I totally agree with him. This will bring more people to the fediverse once they realize they can interact with their friends on Threads
I totally agree with him. This will bring more people to the fediverse once they realize they can interact with their friends on Threads
You can: by making it irrelevant. It’s not dead then, but not used also. And that is what’s planned here.
Threads is already much much igger than the entire Fediverse, I don’t see what is there to lose?
Currently tge Fediverse is mostly drawing in tech geeks, which are unlikely to leave either way. Federation with Threads might actually pull in “normal” users.
A natural network effect will pull in users in a network. Watering down our decentralized network with Metas network will make all of Fediverses advantages indistinguishable from the users perspective. Decentralization is not something you experience as a user anyway so there will be no obvious reason for someone coming from threads to switch over to the Fediverese. The other way round is more likely. Meta has insane design and market power to push out better Apps, faster CDNs and marketing to give users a better “Fediverse”.
That solely depends on you! There will always be a need for a decentralized open source social media network and as long as there isn’t any other alternative that can achieve that the people who rely on it won’t go anywhere.
Yes, but I advocate for decentralized social media to become the status quo and not the fallback role when corpo controlled media ends it’s life cycle via enshittification again.
You can only act yourself and try to convince others. So yes federating with threads seems to be a big step in that direction.
It’s already irrelevant, it’s never been. The Fediverse is well over a decade old and most people don’t know it exists.
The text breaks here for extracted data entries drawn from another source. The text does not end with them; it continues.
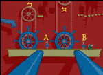 沿先前走過的路再一次經過吊橋回到轉輪處,將閘門A開啟、閘門B放下,水流就會改變方向,然後同樣再利用轉輪ㄅ,搭乘索橋回到水道斷裂處,進入水道將最初關上的閘門打開就過關了。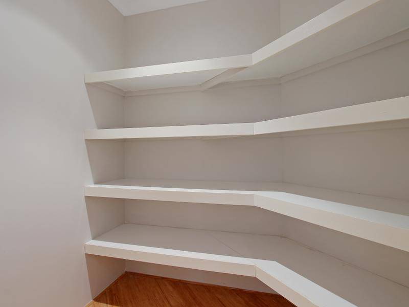 The open plan kitchen has a shoppers entrance from the garage and features stone bench tops, double fridge recess with plumbing, double dish drawer and a huge walk in pantry with the bamboo flooring that continues into the living/dining area. The separate theatre room includes B & W ceiling speakers and feature down lighting.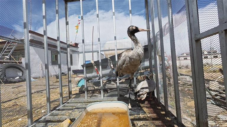 每年越冬季最讓頓珠次仁擔(dān)憂(yōu)的并不是天氣的惡劣,而是每年都會(huì)有受傷的黑頸鶴。今年年初,兩只受傷的黑頸鶴先后出現(xiàn)在他的視野中,他帶回家后精心地照顧著它們,為它們準(zhǔn)備溫暖舒適的棲息之所,每日提供新鮮、可口的食物,還時(shí)刻關(guān)注著它們的傷勢(shì)變化。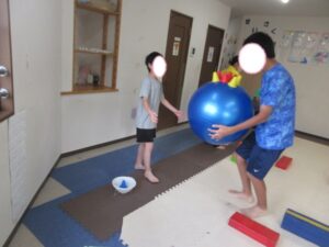 もしもコーンが落ちてしまったらペアのお友達に助けてもらおうね♬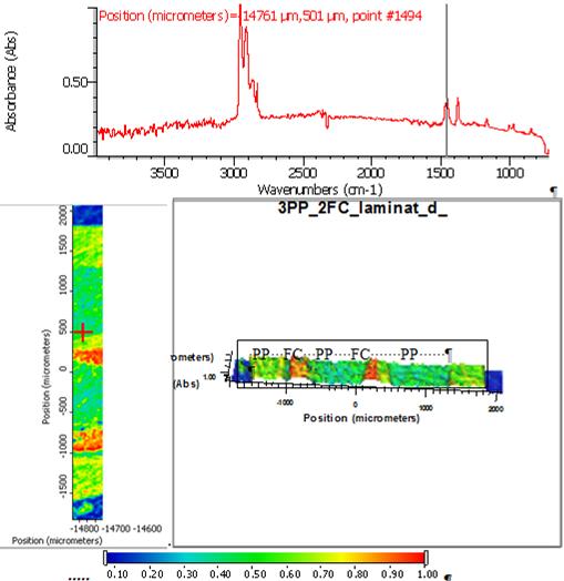 În cazul materialului laminat cu 3straturi de PP şi 2 straturi de FC se pot uşor evidenţia componentele materialului (2 straturi de FC şi 3 straturi de PP, distanţa relativă între cele două straturi de FC este de ~1mm iar grosimea materialului laminat ~3.5mm. Monitorizarea s-a facut după banda de absorbţie de la 1460cm-1.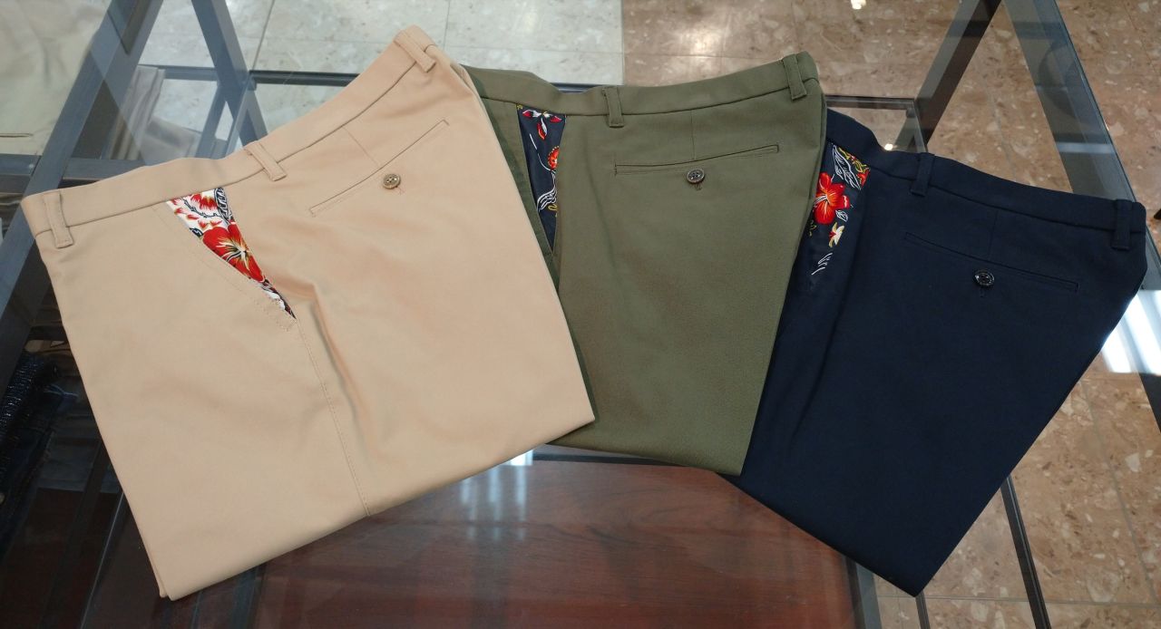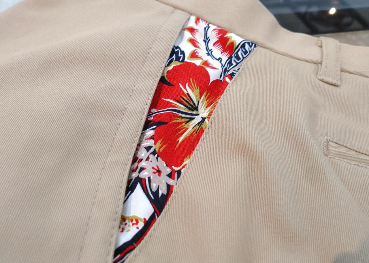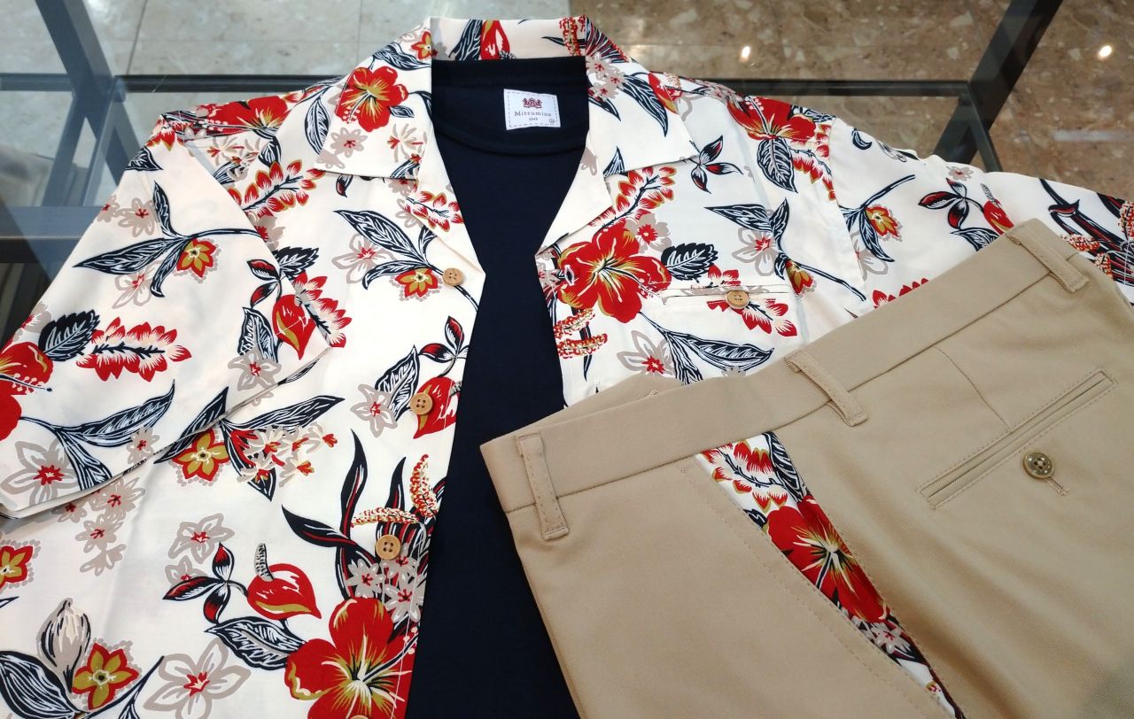 ポケットのアロハ柄がチラッと見えてコーデのポイントになります(*^^*)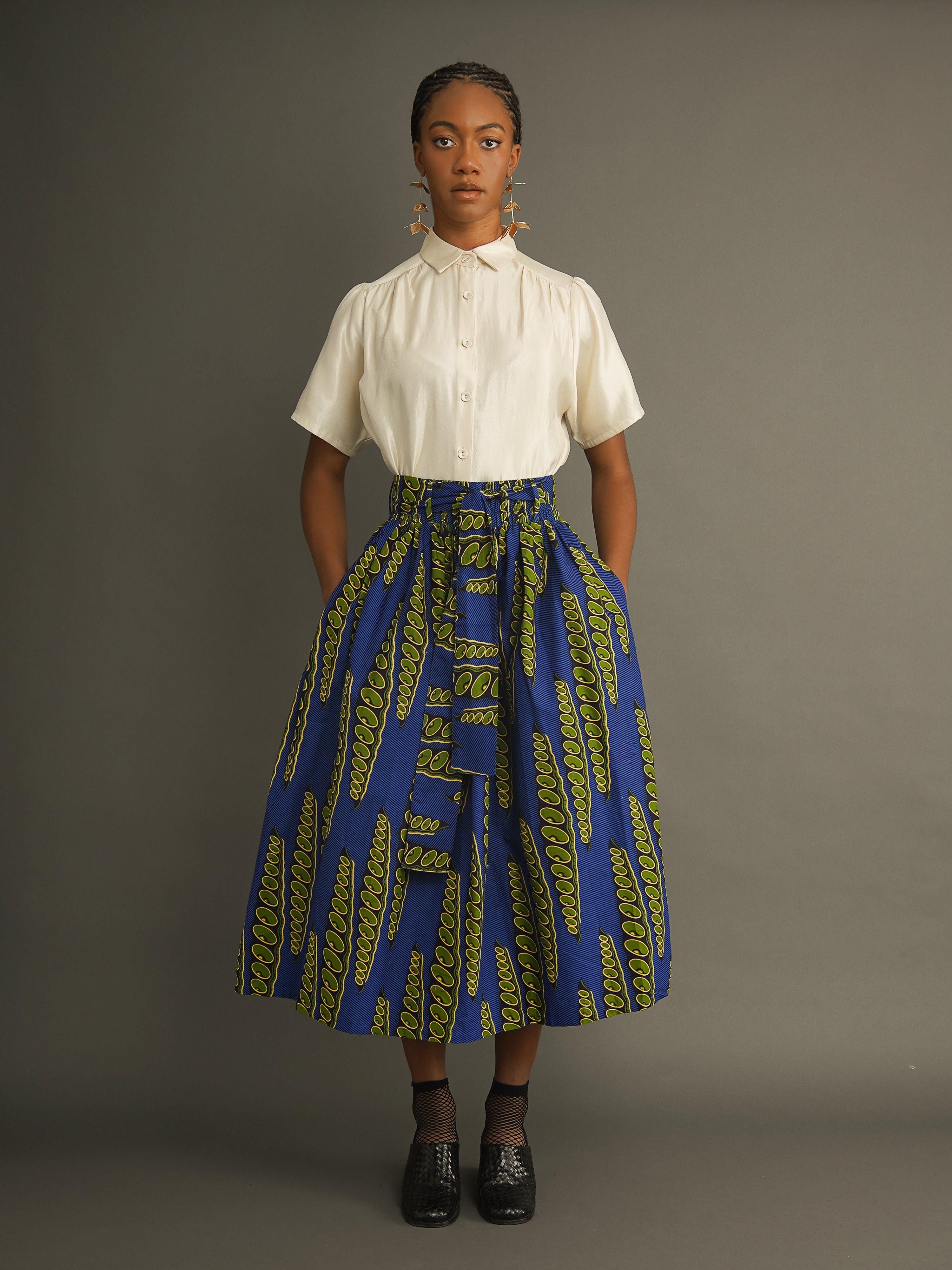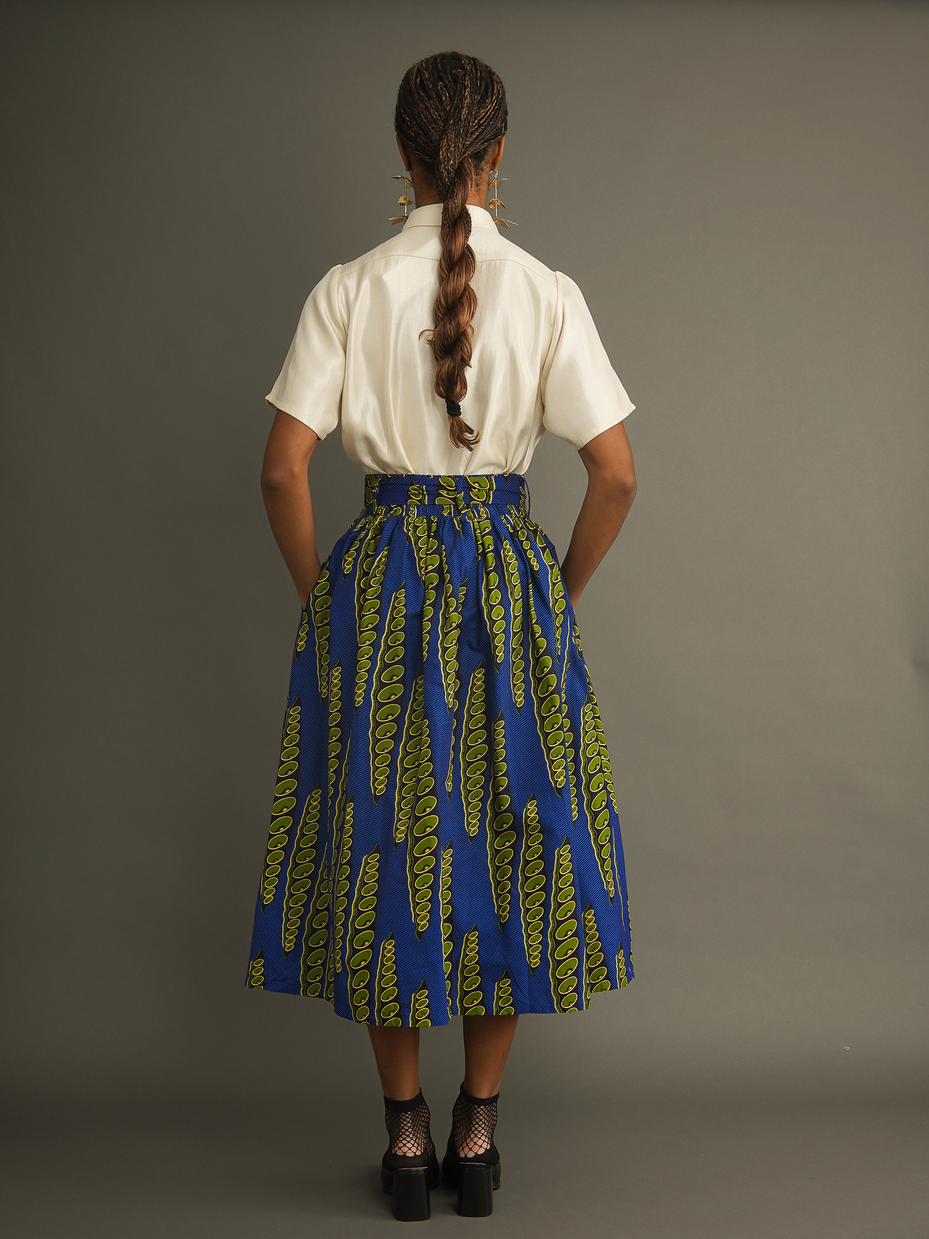 Masumi Cotton Midi Skirt – Structured Dutch Wax Cotton

It’s irrelevant to you, but a community doesn’t have to be massive for it to be important to it’s users, it just has to be big enough for people to get something out of it regularly to keep the existing userbase engaged. Lemmy pre-migration is a great example. But if enough people leave in a short timespan it’s really hard to keep the remaining userbase engaged after that drop-off. XMPP is a good example of this actually happening, I had a bunch of friends on there for years. When google pulled the rug, a lot of users lost a lot of their reasons for sticking around. It’s a shell of itself now.
XMPP was largely irrelevant before Google and went back to being that way after Google and a bunch of newer tech. It wasn’t directly connected to Google. Nothing outside of someone’s blog would even indicate that. I didn’t say it’s irrelevant to me. To me is not important. Globally and in terms of social media it is in fact irrelevant. Not even sure why you said irrelevant to me that doesn’t even match the context
I had a community of people I would talk to on XMPP, the introduction of gchat brought more a lot more users we could IM with, gchat broke off from XMPP and most of my friends abandoned XMPP to stay with the userbase on gchat. I stayed logged on to XMPP for a while, a couple people did, but most of our discussions had moved to gchat. How can I come to any conclusion other than that this was connected to gchat?
The person you replied to was talking about killing an existing social network by making it irrelevant. A community can definitely be alive while being irrelevant “globally and in terms of social media”. It dies when it loses relevance to its userbase.